* [What the task requires]
Would you please set down, word for word, the lines from the one with "Детское средство для" through the final line of the data below, omitting any pictures?

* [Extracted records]
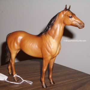 Matte light sandy bay; black mane and tail; includes neck ribbon
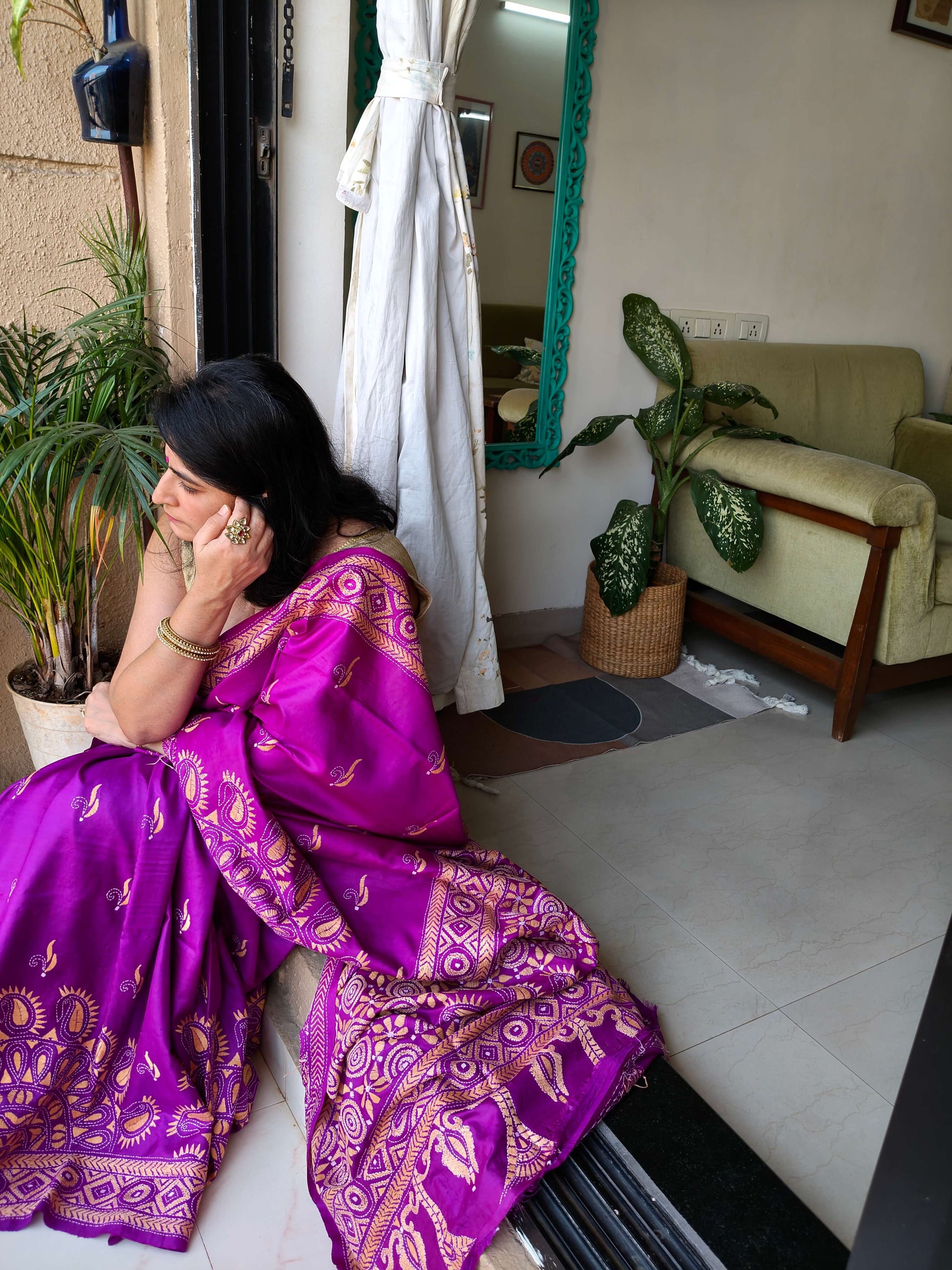 Pure Silk saree is a celebration of artistry and purpose. Featuring intricate hand-stitched Kantha embroidery crafted by talented women artisans from villages near Shanti Niketan, it's more than just a garment—it's a statement. Draped in luxurious silk, this beauty is your go-to for weddings, festivals, and unforgettable moments. Every thread represents skill, tradition, and the empowerment of the women who create it. Wear it with pride and let the craftsmanship speak volumes.
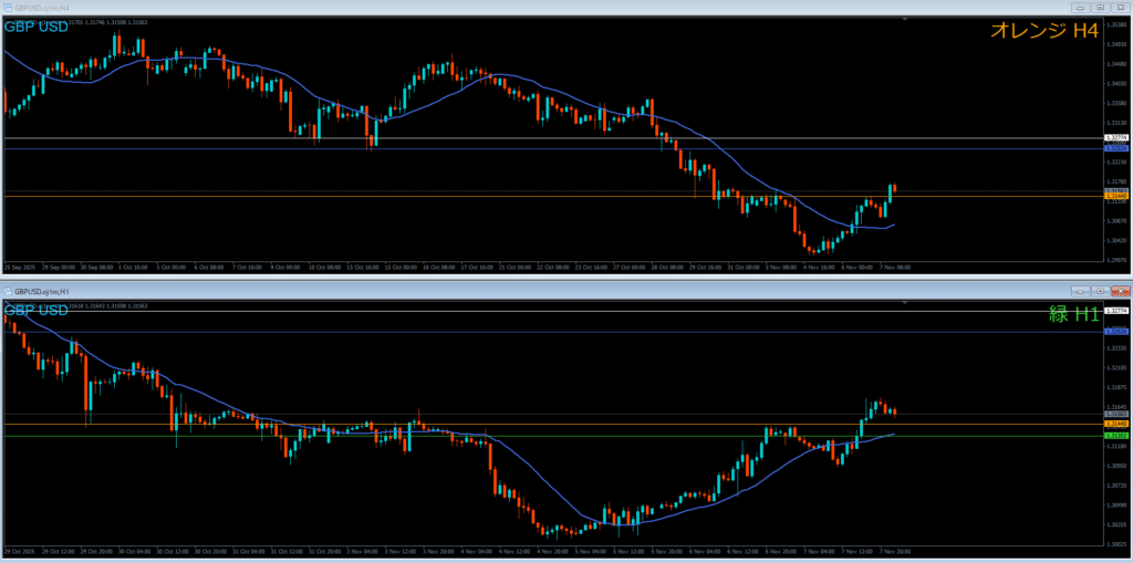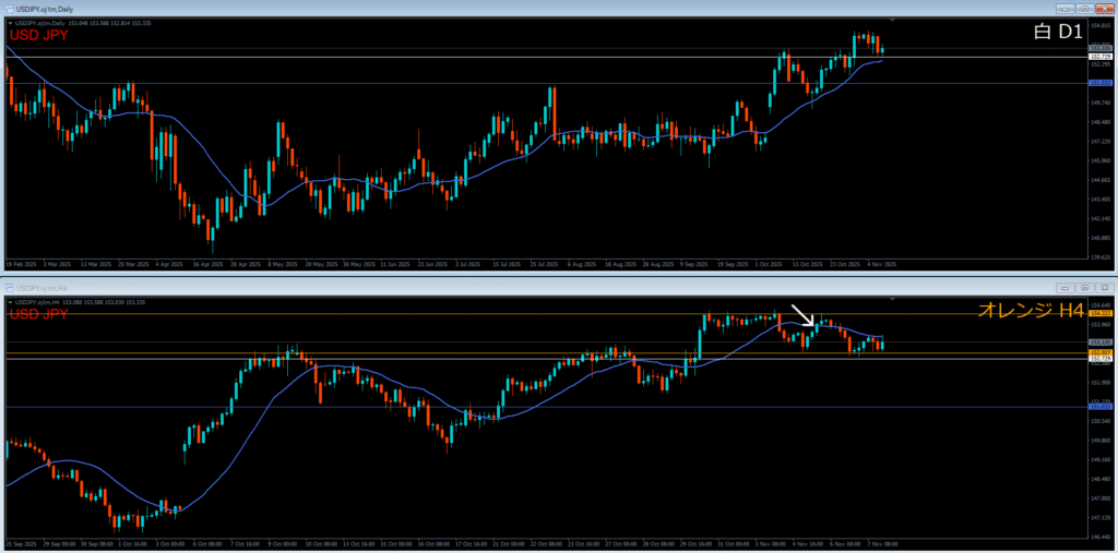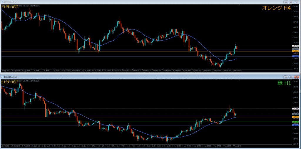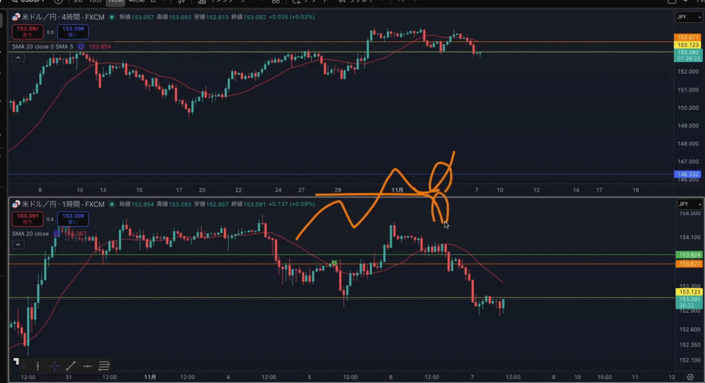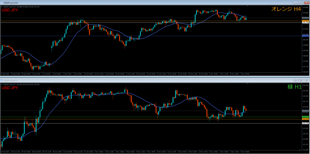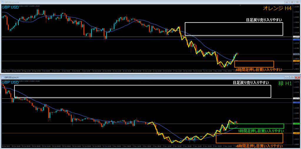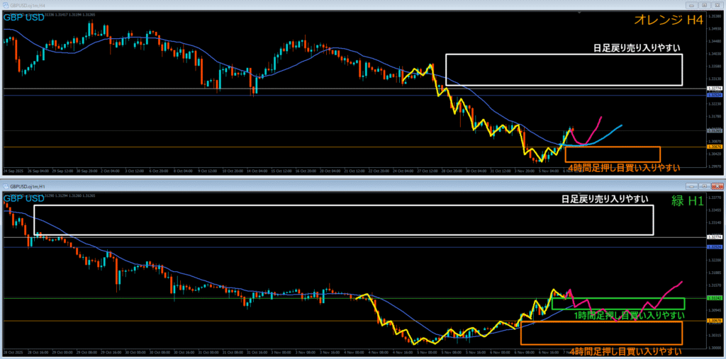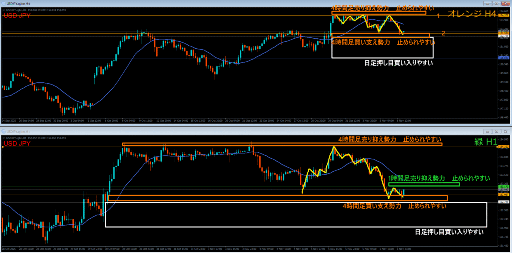 オレンジ色の❷4時間足サポートラインの下には買い支え勢力がいる
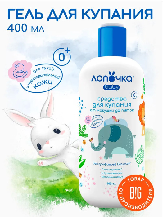 Детское средство для купания Лапочка предназначено для купания детей с рождения. Не раздражает глаза, не содержит мыла.
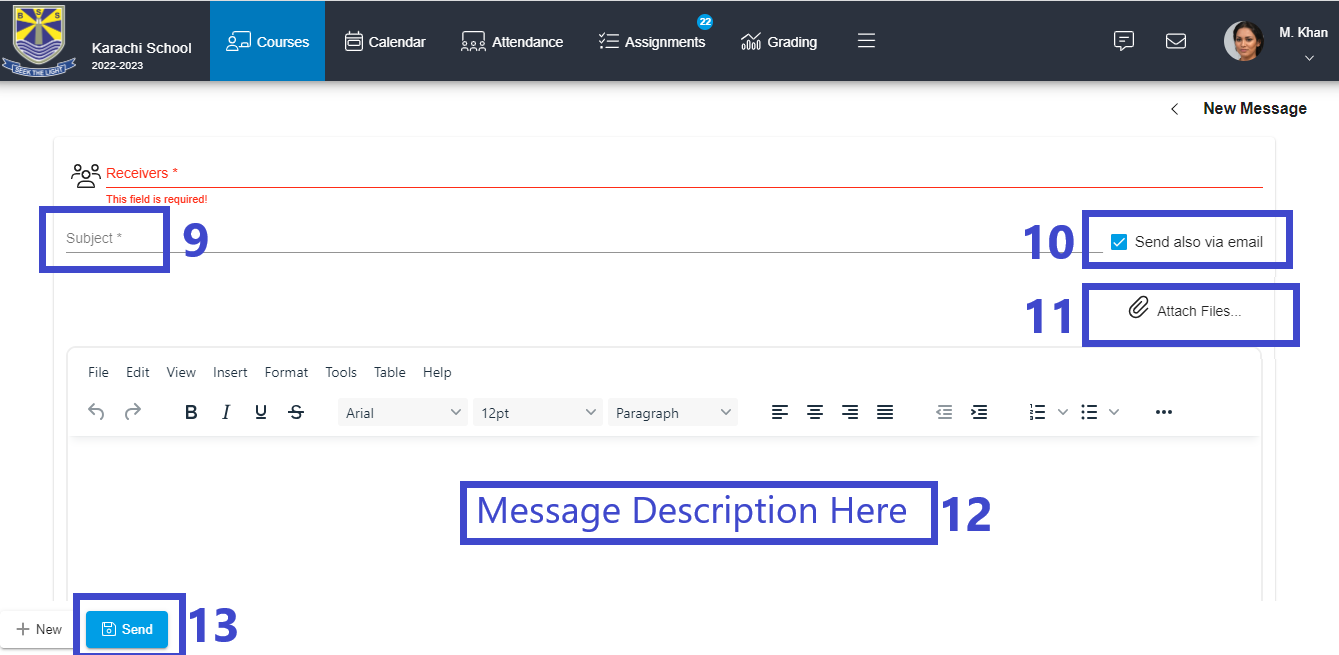 11. Use Attach files if you want to send file.

* [Exercise answer]
 Детское средство для купания Лапочка предназначено для купания детей с рождения. Не раздражает глаза, не содержит мыла.
 11. Use Attach files if you want to send file.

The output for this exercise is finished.